Carvana stock is up more than 1000% this year on news that it may not be bankrupt, or at least not as bankrupt as people thought.

In both of these cases, though, the overall worse than expected news in the last 3 years has given them over 80% drawdowns from highs, things have just modestly turned around from the basic expectation of bankruptcy.

Practical Cases

Charles Schwab after earnings Q2 2023

Charles Schwab just reported a near 40% drop in earnings on Tuesday, yet the stock was up over 12% during the trading day.

The reason was because everyone knew it was going to be bad, but everyone thought it was going to be worse. So when the results came out and they were better than expected, investors started buying it back up to a fair market value.

A speculator would’ve analyzed over the last couple of months whether or not Charles Schwab was in better or worse financial condition that investors thought and came to a conclusion before the actual results came out.

JPMorgan Chase after earnings Q2 2023.

JPMorgan Chase reported a 67% jump in earnings, now that sounds pretty good to me. However, everyone was expecting that because interest rates are 4.5% higher and the bank hasn’t increased it’s savings rates to that level. It makes sense when the principal business is to borrow money from people and lend it out at higher rates, that it makes more money when rates are higher. The stock was only up <1% after it reported. It was around expectations, no better, no worse.

I hope you are catching on. It doesn’t matter how good or bad something is, it only matter how much better or worse it becomes.

Applying the Lens to the Market

When I talk about the market and it’s valuation I am looking through this lens.
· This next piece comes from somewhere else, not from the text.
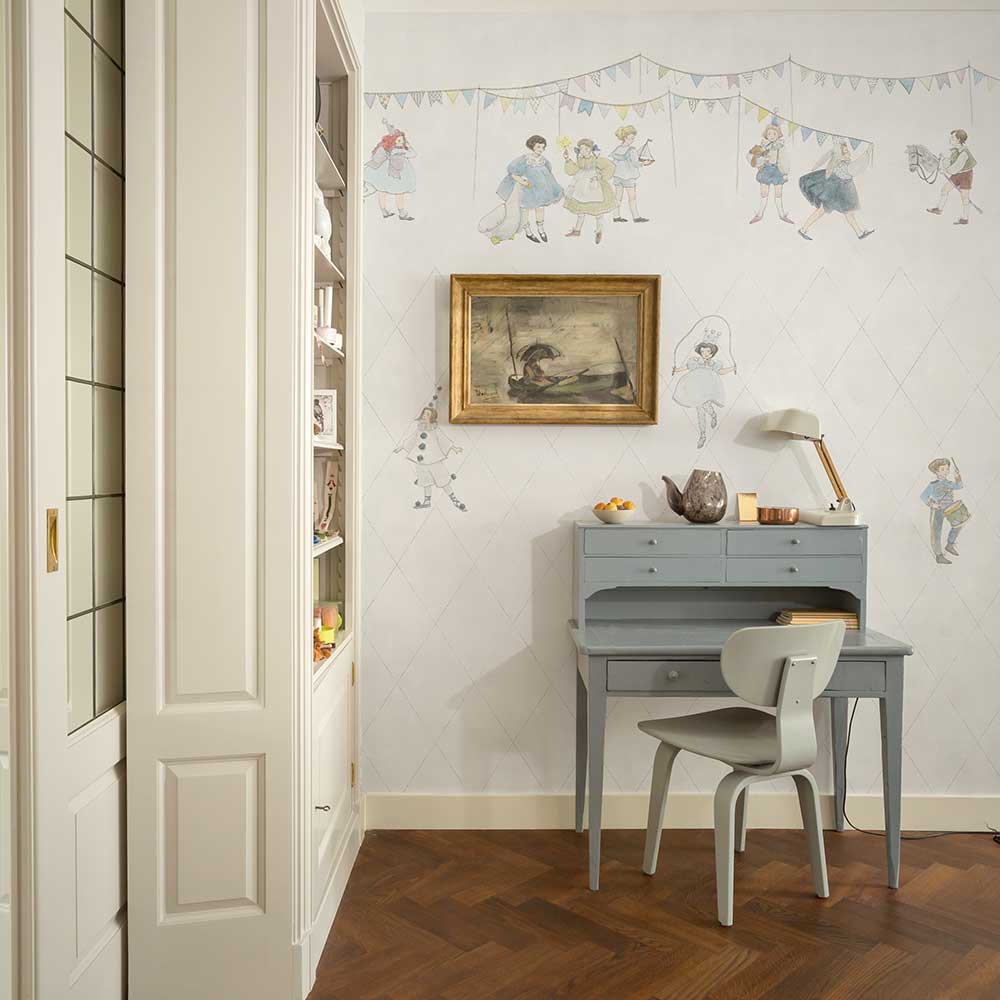 Такие обои наполнят пространство динамикой, лёгкостью и радостным настроением, превращая каждый день в игру и маленькое чудо. CARNIVAL прекрасно подойдёт для детской младших школьников или девочек среднего возраста — тех, кто обожает фантазировать, придумывать истории и жить в мире красочных впечатлений. С ними комната становится местом вдохновения, творчества и настоящей беззаботности.

What is the market pricing in today that could come out better or worse that expected.

It’s my understanding that the market is pricing in no recession, or at least very mild, a strong labor market and consumer, and lower inflation. Now better or worse. If in 12 months from now we see a recession, the labor market tick up to 5% unemployment, and declining retail sales, it would be totally rational to expect the stock market to fall on worse than expected information.

The risk is that you are wrong about your assumptions in the market currently, or wrong is your expectations around what could happen in terms of better or worse than others are thinking.

So either you are wrong period or you are right or wrong and you just were wrong about what other people had thought and priced into the market.

The longer you hold, the less worrisome those risks become. And it’s because people generally underestimate what can happen over long periods of time and overestimate what can happen in short time frames.

This is why the buy and hold method is so successful and popular, it’s because there is no need to speculate in the short term on what others are thinking and you can know that generally people are going to underestimate the future.